По выходе во двор нас разыскал барон.
— Чем порадуете, Лэн? Что там с остальными горцами? Сдались?
— Некому было сдаваться, милорд! Их опоили чем-то… они совсем потеряли разум. Бросились с мечами на пехотинцев с арбалетами.
— Понятно… никто не промазал.
— Нет, милорд! Стреляли по ногам! Почти все попали точно, но это их не образумило. Трое из них закололи себя сами, прочие…
— Добро, Лэн! Помер Максим — и хрен с ним! По крайней мере, нам достались неопоенные. Вот с ними и поговорим… Но это — уже утром! Простите меня, барон, но спать хочу — просто сил никаких нет! Да, к слову сказать, монахи и без меня все сделают в лучшем виде! Один-то из пленников — колдун!
Даже в неярком свете факелов было видно, как он побледнел.
— Вы серьезно, милорд?
— Да какие уж тут шутки… А что вы так напрягались-то?
— Горные колдуны, милорд, — это особая статья! Их у нас почти никто не видел уже очень-очень давно! Думали — уж и не осталось никого. Ан нет — вылезли! Это… это жуткие люди, милорд! Они никому не служат, так что я и представить не могу, что же могло заставить такого колдуна играть подобную роль!
— Вот пускай с ним оба епископа и потолкуют… авось, собеседник будет интересным.
— Устал? — Мягкая ладошка сероглазки гладит меня по плечу.
Сбрасываю перевязь с клинком и кладу его на табурет. Сажусь на кровать и чувствую, как к моей спине прижимается Мирна.
— Ты все время на ногах… совсем про нас забыл.
— Ну, что ты! — ловлю ее ладошку и прижимаю к своим губам. — Что я буду без вас делать?

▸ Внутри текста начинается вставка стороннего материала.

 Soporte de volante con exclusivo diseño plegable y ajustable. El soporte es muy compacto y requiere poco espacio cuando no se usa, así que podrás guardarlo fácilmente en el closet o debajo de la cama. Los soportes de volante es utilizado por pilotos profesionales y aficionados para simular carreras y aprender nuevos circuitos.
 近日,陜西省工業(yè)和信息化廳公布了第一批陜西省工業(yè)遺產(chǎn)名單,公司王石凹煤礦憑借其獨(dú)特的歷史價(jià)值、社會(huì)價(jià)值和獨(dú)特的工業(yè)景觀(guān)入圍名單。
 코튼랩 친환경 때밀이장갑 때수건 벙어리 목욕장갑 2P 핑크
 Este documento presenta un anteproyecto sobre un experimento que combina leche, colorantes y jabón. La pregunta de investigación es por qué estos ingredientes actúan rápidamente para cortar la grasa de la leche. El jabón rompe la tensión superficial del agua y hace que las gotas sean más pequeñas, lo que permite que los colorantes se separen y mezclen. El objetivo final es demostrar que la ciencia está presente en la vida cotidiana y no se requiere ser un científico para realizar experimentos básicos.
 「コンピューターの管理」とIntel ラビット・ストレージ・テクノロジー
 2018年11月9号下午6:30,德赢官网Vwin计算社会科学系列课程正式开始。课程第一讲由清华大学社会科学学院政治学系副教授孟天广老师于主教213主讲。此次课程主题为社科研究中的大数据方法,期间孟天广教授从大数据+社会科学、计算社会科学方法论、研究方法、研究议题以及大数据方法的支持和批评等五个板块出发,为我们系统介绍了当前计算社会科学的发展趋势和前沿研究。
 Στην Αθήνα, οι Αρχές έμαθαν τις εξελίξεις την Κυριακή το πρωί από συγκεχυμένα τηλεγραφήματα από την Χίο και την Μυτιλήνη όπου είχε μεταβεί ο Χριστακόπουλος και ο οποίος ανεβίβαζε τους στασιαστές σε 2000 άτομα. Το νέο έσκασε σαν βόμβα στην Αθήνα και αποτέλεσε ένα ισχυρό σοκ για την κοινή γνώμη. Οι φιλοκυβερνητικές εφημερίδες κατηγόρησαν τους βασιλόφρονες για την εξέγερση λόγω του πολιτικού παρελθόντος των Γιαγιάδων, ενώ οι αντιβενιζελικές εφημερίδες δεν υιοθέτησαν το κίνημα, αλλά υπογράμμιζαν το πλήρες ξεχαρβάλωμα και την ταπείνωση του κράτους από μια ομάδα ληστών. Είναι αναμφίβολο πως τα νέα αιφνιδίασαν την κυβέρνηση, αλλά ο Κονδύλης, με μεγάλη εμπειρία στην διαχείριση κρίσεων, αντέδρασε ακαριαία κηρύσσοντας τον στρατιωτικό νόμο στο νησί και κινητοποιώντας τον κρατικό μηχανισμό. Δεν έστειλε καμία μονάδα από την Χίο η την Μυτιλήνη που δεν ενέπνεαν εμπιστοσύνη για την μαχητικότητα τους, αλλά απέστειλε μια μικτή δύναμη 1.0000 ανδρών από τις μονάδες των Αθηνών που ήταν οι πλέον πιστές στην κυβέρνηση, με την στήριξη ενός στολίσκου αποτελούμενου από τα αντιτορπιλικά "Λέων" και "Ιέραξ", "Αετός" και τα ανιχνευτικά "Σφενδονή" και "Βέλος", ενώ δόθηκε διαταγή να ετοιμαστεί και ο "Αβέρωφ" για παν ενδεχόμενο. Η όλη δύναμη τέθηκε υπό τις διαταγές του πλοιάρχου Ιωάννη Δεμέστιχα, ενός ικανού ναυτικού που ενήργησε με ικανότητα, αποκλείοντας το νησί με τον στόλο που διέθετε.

— Ложись. Я твою спинку разомну.
Лежу на брюхе и чувствую, как сильные и ловкие пальчики сероглазки бегают по моим лопаткам и ребрам. Хорошо… так бы лежал…
— Тебя надо почаще вот так разминать! Совсем спина закостенела! Так нельзя! Станешь неповоротливым…
— …растолстею…
— И это тоже! Превратишься в большого свина!
— …буду хрюкать… от удовольствия, если меня будут так же почесывать.
— И лежать в грязи! Кстати говоря, этим ты уже, похоже, занялся. Чем это несет от одежды? В какую мусорную кучу вы умудрились вляпаться?
Надо же! Голова моя садовая! Я ведь так и не переоделся после всех наших похождений.
Приподнимаю голову и рассказываю Мирне о наших ночных разборках.
Она переворачивает на спину и начинает пересчитывать мои ребра спереди.
— Колдун, говоришь? Странно… я думала, что они все глубокие старики… не вертись! А выглядит он лет на тридцать?
— Около этого.
— Надо же!
Она вдруг прекращает свое занятие.
— Этот рисунок… он стал больше!
— Да и фиг с ним! Пускай хоть весь проявится, что с того?
О предсказании моего предшественника, кроме меня, почти никто и не знает. Во всяком случае, мне хочется так думать. Знает Эрлих, от него я этого скрыть не смог. Наверняка и второй епископ тоже в курсе дела. Надеюсь, что никто из них не взял на себя труд подробно просветить Мирну на этот счет.
— Но ведь это что-то значит?
— Может быть. И даже наверняка. Вполне вероятно, что таким образом я повышаюсь в ранге.
— Зачем?
— Откуда мне знать? У вас ведь тоже существует какая-то табель о рангах?
— То есть?
— Ну… как-то вы ведь определяете, кто из вас более крутой и авторитетный?
— Зачем?
— Не знаю… уважать будут больше.
— Больше, чем кого? К нам всем отношение одинаковое. Нет разницы — кто будет тебя лечить. Молодой парень или убеленная сединами почтенная женщина. Оба они сделают все, что только возможно.
— Но ведь один из них знает и умеет больше другого!
— Тогда знающий меньше отойдет в сторону.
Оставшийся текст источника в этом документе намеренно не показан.